Robustness To improve the stability of clustering results, we employ the k-medoids++ initialization method38,53. Nonetheless, clustering the same data twice can sometimes lead to entirely different results, and it is then unclear which of the two groupings is to be trusted. To alleviate this problem, we aim to ensure robust clusters using a bootstrapping method.

We perform clustering on all admissions for different k for k-medoids and then remove trivial clusterings, i.e., those that only contain a single cluster or those where the largest cluster contains more than \(90\%\) of admissions. Afterward, we are left with \(n_c\) clusters. The same clustering procedure is applied to \(n_b = 10\) different bootstrapped versions of the feature space, where \(70\%\) of the data is randomly sampled without repetition. If we find clusterings similar to the respective clusterings in each bootstrapped version of the data, those clusterings can be considered robust regarding variations in the input data.

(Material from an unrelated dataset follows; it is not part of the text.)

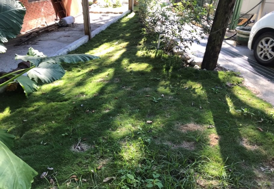 ↑圖說:桃源國小校區周遭雜草叢生的空地通舖草毯並搭配在地石材及姑婆芋,綠化環境的同時也拉近人與自然的距離。(圖片來源:高雄市工務局提供)

We use three metrics for measuring cluster similarity: mutual information, Rand Index, and Jaccard index38 denoted with \(sim_h\) for \(h \in {1, 2, 3}\). Every metric is implemented to be invariant to differences in label literals, e.g., the labeling [0, 0, 1, 1] would be identical to the labeling [1, 1, 0, 0]. We use these metrics to quantify the similarity between each full data clustering \(C_{f, i}\) for \(i \in [1, n_c]\) and each corresponding bootstrapped clustering \(C_{b_j, i}\) for \(j \in [1, n_b]\). The metric is only applied to admissions present in each of the bootstrapped clusterings, respectively. For each full clustering \(C_{f, i}\) and similarity metric \(sim_h\), we calculate a lower bound on the robustness

$$\begin{aligned} rob_{i, h} = P_{10} \left( \left[ sim_{h}(C_{f, i}, C_{b_1, i}), sim_{h}(C_{f, i}, C_{b_2, i}), \dots , sim_{h}(C_{f, i}, C_{b_{n_{b}}, i}) \right] \right) , \end{aligned}$$

where \(P_{10}\) denotes the 10th percentile of the similarity values. We also compute a robustness threshold \(thresh_{i, h}\), calculated as the 90th percentile of similarities between the real cluster labeling and \(n_b\) shuffled instances of it: \(sim_h(lab_i, shuffle(lab_i))\). The threshold needs to be calculated for every pair of clustering and similarity metric because the expected similarity when clustering on a bootstrapped version of the data depends on the cluster size distribution and the behavior of the similarity metric. A full data clustering \(C_{f, i}\) is considered robust if, for all similarity metrics \(sim_h\), it holds that \(rob_{i, h} > thresh_{i, h}\).